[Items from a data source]
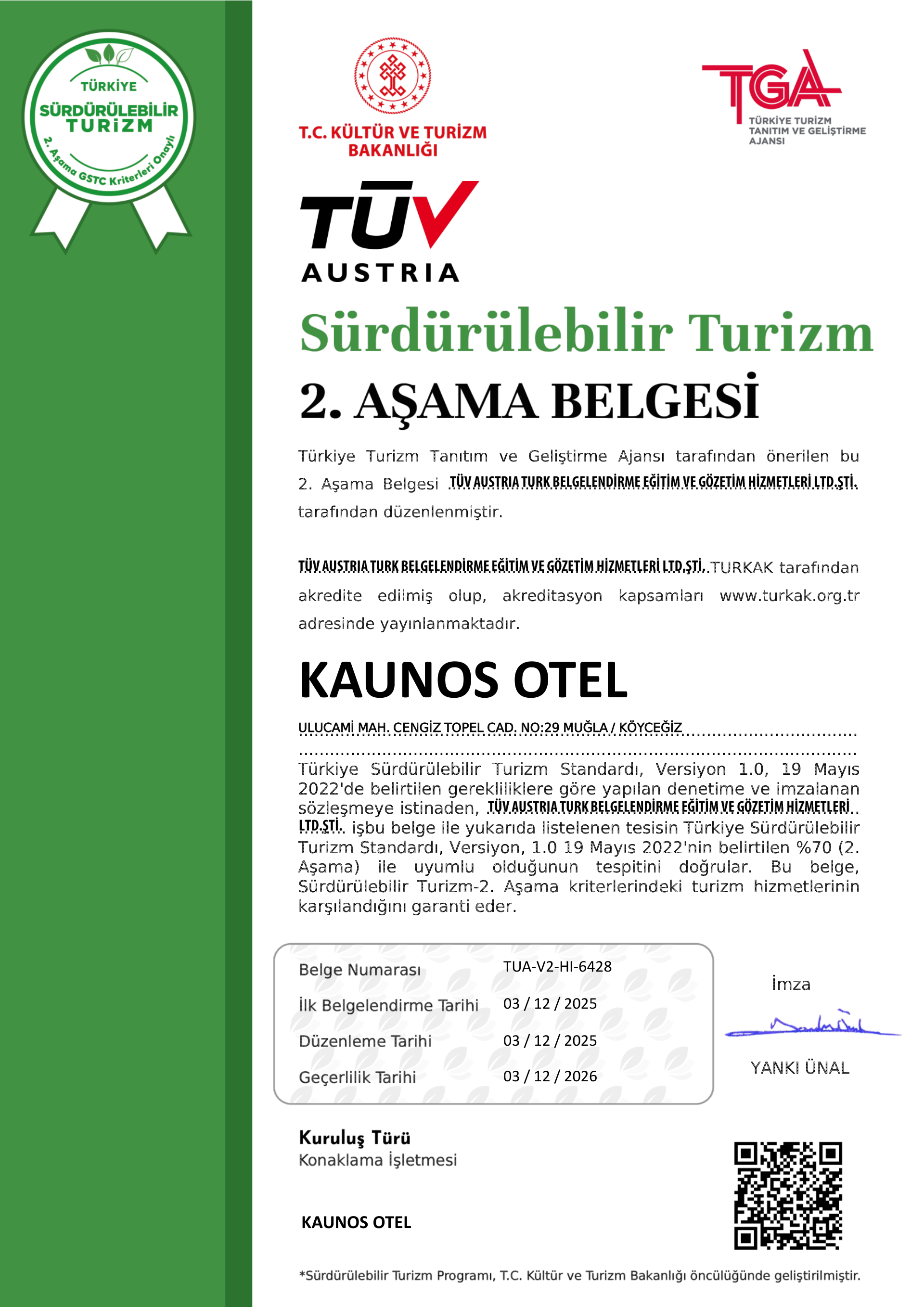 İşletmesi Kaunos Otelcilik Tarım Turizm İşlt. San. Tic. Ltd. Şti. yönetimi tarafından yapılan otelimize göstereceğiniz yakın ilgiye şimdiden teşekkür ederiz.
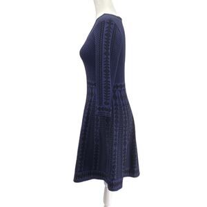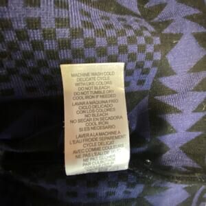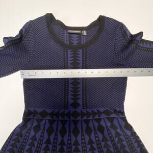 Make a statement with this Nina Leonard sweater dress in size medium, featuring a bold black and blue geometric print. Designed with 3/4 sleeves, a scoop neckline, and a flattering fit-and-flare silhouette, this dress is both stylish and comfortable. Made from a soft, stretchy rayon-blend knit, it provides a perfect balance of warmth and breathability, making it ideal for any season.
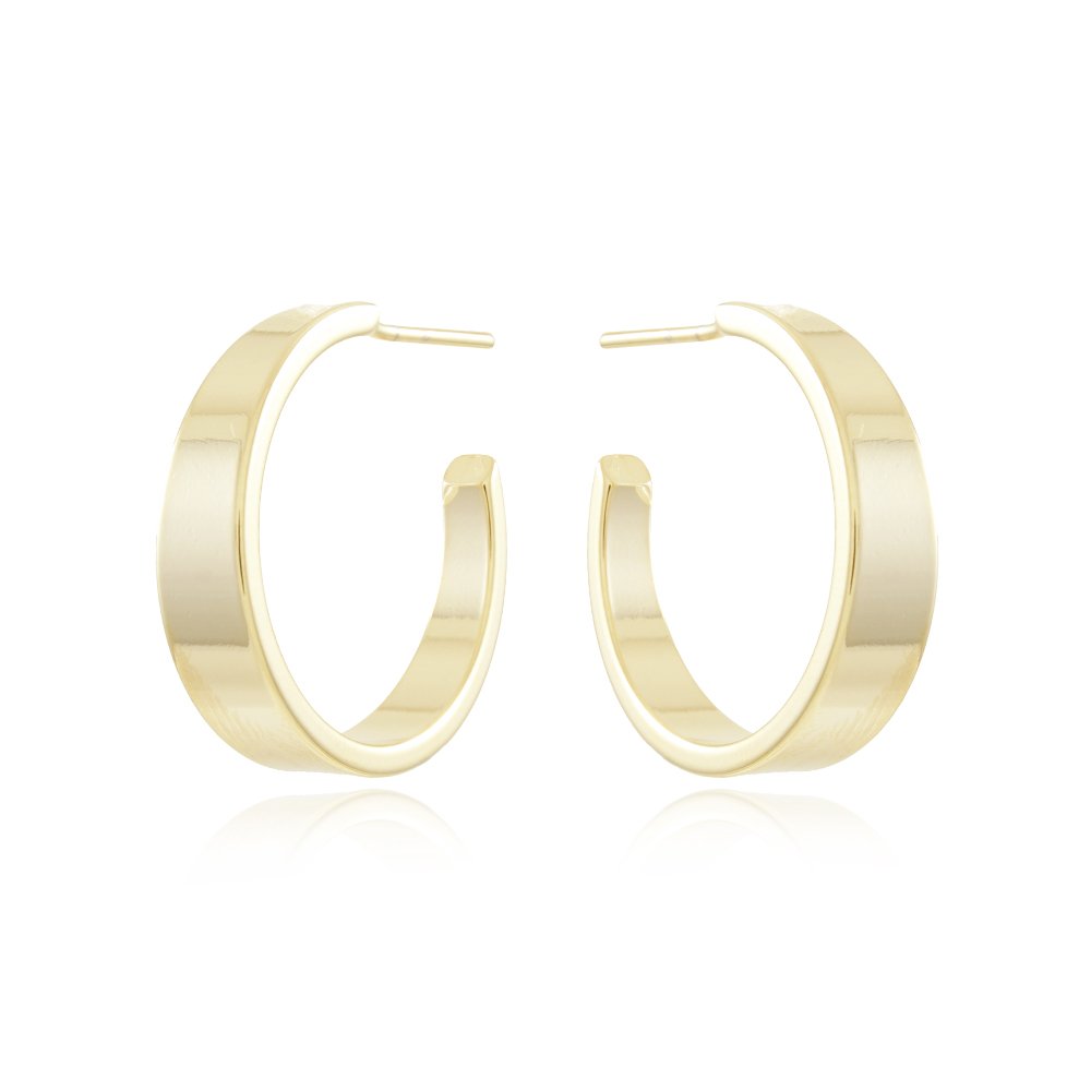 Encante-se com esse brinco!Este lindo brinco MEIA ARGOLA ACHATADA é feito com LATÃO BANHADO A OURO 18K de alta qualidade.
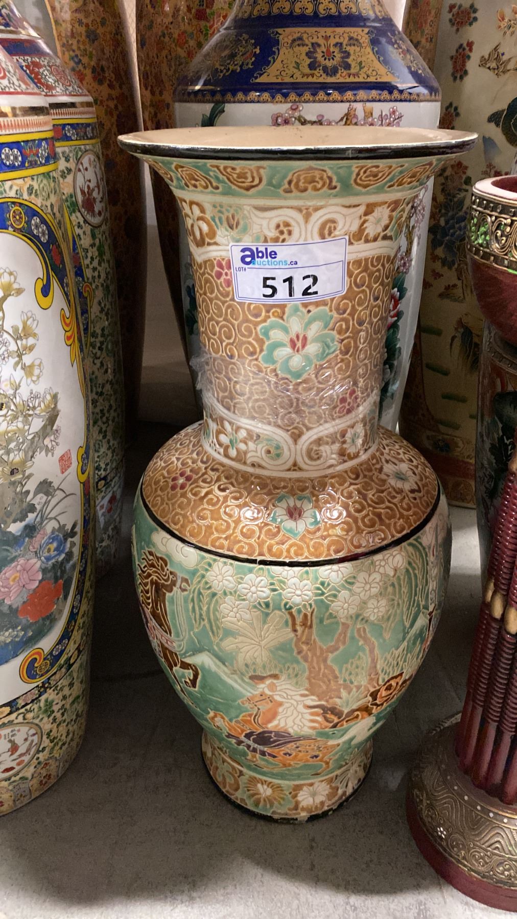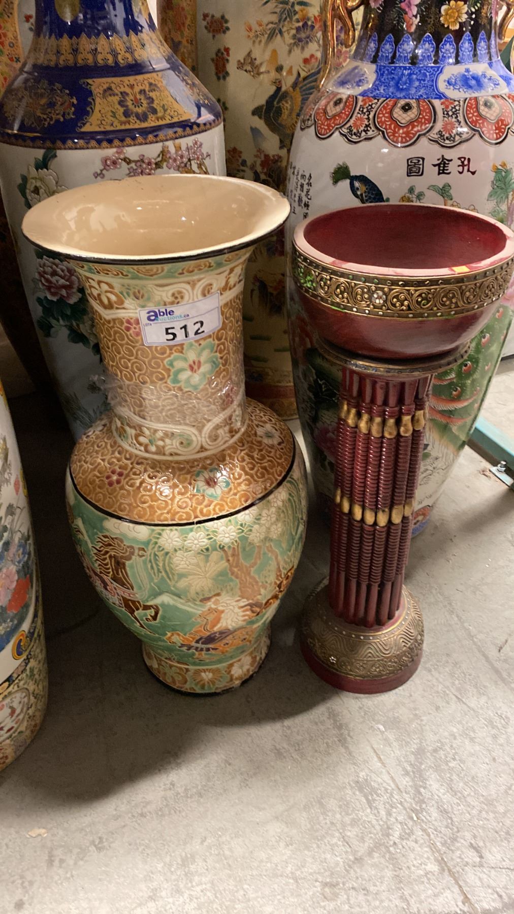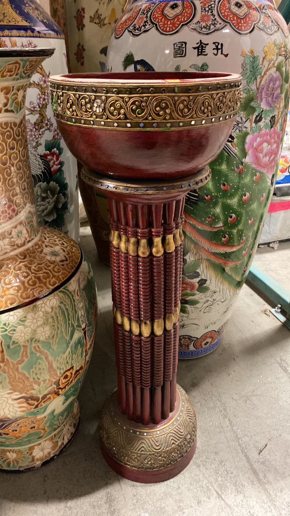 DECORATIVE ASIAN FLOOR VASE & WOODEN DECORATIVE FLOWER POT ON PEDESTAL APPROX 30" & 31" TALL
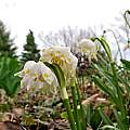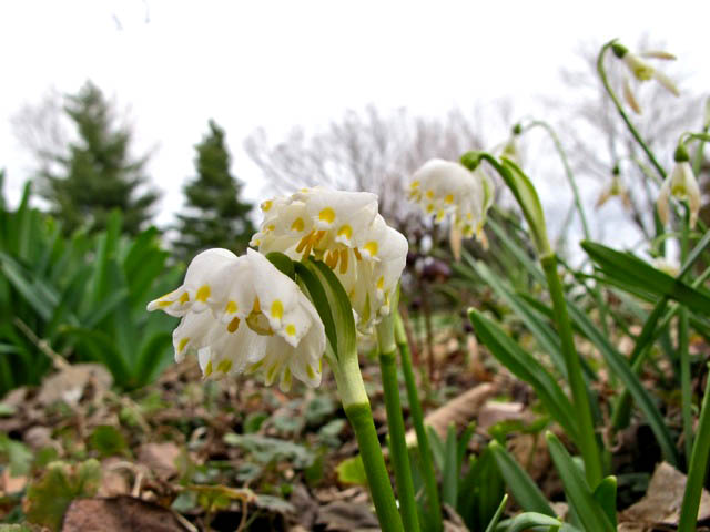 Leucojum vernum var. carpaticum Sweet differs from the typical species in having yellow spots at the edge of each floral segment. It is native to Ukraine, Romania and Czechoslovakia. The cultivar 'Gertrude Wister' is special because of its additional petals. This cultivar is believed to have originated from the Wister garden at Swarthmore College, Swarthmore, PA. It is registered with the KAVB. It blooms for Jim Waddick in Kansas City, Missouri in Early March. The following three photos of 'Gertrude Wister' are by Jim Murrain.

Task goal: Every entry, word for word: repeat it, but skip the images.

Solution:
 İşletmesi Kaunos Otelcilik Tarım Turizm İşlt. San. Tic. Ltd. Şti. yönetimi tarafından yapılan otelimize göstereceğiniz yakın ilgiye şimdiden teşekkür ederiz.
 Make a statement with this Nina Leonard sweater dress in size medium, featuring a bold black and blue geometric print. Designed with 3/4 sleeves, a scoop neckline, and a flattering fit-and-flare silhouette, this dress is both stylish and comfortable. Made from a soft, stretchy rayon-blend knit, it provides a perfect balance of warmth and breathability, making it ideal for any season.
 Encante-se com esse brinco!Este lindo brinco MEIA ARGOLA ACHATADA é feito com LATÃO BANHADO A OURO 18K de alta qualidade.
 DECORATIVE ASIAN FLOOR VASE & WOODEN DECORATIVE FLOWER POT ON PEDESTAL APPROX 30" & 31" TALL
 Leucojum vernum var. carpaticum Sweet differs from the typical species in having yellow spots at the edge of each floral segment. It is native to Ukraine, Romania and Czechoslovakia. The cultivar 'Gertrude Wister' is special because of its additional petals. This cultivar is believed to have originated from the Wister garden at Swarthmore College, Swarthmore, PA. It is registered with the KAVB. It blooms for Jim Waddick in Kansas City, Missouri in Early March. The following three photos of 'Gertrude Wister' are by Jim Murrain.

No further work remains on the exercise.